The following instructions are meant to provide ICGC members with guidance on submitting raw sequence data to the European Genome-Phenome Archive (EGA). ICGC members are encouraged to consult the EGA guidelines prior to data submission. Detailed instructions on data submission are available EGA website at and an FAQ is provided at .

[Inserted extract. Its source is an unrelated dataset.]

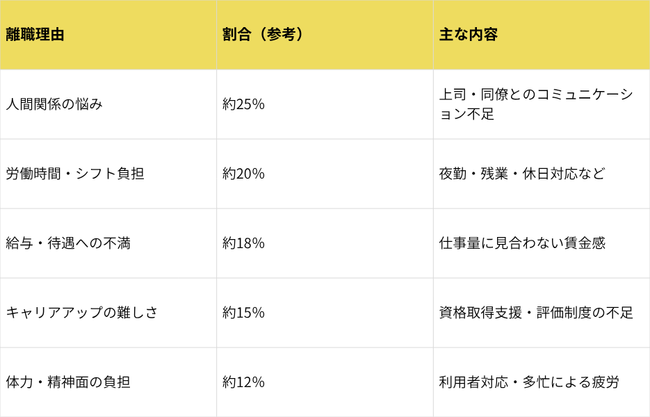 離職の主な理由(統計データから見る現場の声)
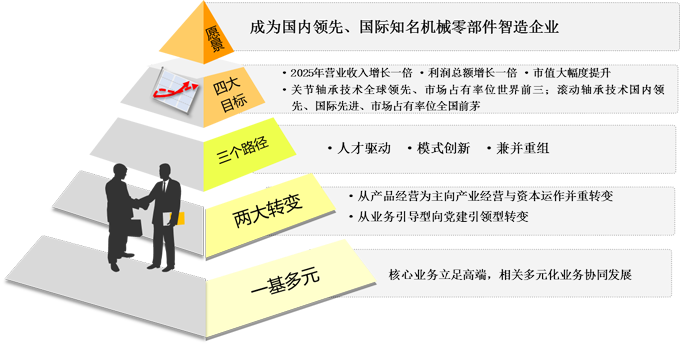 ?保持戰略定力,以需求牽引供給,以供給創造需求,精心謀劃“一基多元”為基點的發展戰略,打造國內領先、國際知名的機械零部件智造企業。

Overview of the EGA metadata xml files

Below are example template files for POLICY, STUDY, DATASET, SAMPLE, EXPERIMENT, and RUN metadata.

Submissions from ICGC members do not need to include a dac.xml, as the ICGC DAC (Data Access Committee) already exists in the EGA system. The submitters only need to refer to the ICGC DAC in the policy.xml, as shown in the following policy.xml example.

POLICY XML file

<?xml version = '1.0' encoding = 'UTF-8'?>
<POLICY_SET>
    <POLICY alias="ICGC Data Access Agreements" center_name="YOUR_CENTER_NAME_HERE" broker_name="EGA">
        <TITLE>ICGC Data Access</TITLE>
        <DAC_REF refname="ICGC Cancer Genome Projects" refcenter="ICGC"/>
        <DAC_REF accession="EGAC00001000010"/>
        <POLICY_TEXT>Please use the ICGC website for applying access to the data</POLICY_TEXT>
        <POLICY_LINKS>
            <POLICY_LINK>
                <URL_LINK>
                    <LABEL>ICGC Data Access Agreements</LABEL>
                    <URL>http://www.icgc.org</URL>
                </URL_LINK>
            </POLICY_LINK>
        </POLICY_LINKS>
    </POLICY>
</POLICY_SET>
  • Please note in the above example that submitting centers must populate their own center name in the center_name attribute of the POLICY element. Please use your center name as specified in List of Institutions of this manual.
  • If your center’s name is incorrect or missing from here, please contact the DCC to have your center’s record added or revised.
  • The value of center_name should reflect the submitter’s affiliation and should remain consistent in the metadata XML for all subsequent submissions to EGA.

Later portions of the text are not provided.